We see that by this measurement the housing market is still far above historical lows. If 3-year total sales are to revert to the historical 1.5 million low, annual sales must stay at 500.000 per year for three years, or dip well below that before rebounding. The 15 year boom apparently created more housing supply than demand for shelter could realistically absorb, eventually leading to a speculative bubble. It will take a significant time to work off the excess physical supply of homes. How long will the downturn last?

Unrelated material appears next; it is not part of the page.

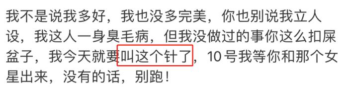 面对一次又一次挑衅般的爆料,李佳航生气到了极点,凌晨1点左右,不仅直接截图爆料内容,还写出《刑法》诽谤罪的处罚条例,由此表明爆料人造谣,否认自己立人设,并正面喊话:“我今天就要较这个真了,10号我等着你和那个女星出来,没有的话,别跑!”

For additional insight, let's look at home vacancy data: Homeowner vacancies are currently at an all-time high of 2.9% and of those vacant homes, a record 2.28 million units are for sale only, up from 1.39 million in 2005 (see chart below). That's another four years worth of supply at the current pace of sales, up sharply from one year's worth in 2005.

Data: Census Bureau

This additional supply of vacant homes for sale is now acting as a lead weight pulling down new home sales further. If annual sales stabilize at current levels, then housing could be in for another 6-7 years of sub-par activity before all the excess supply is absorbed.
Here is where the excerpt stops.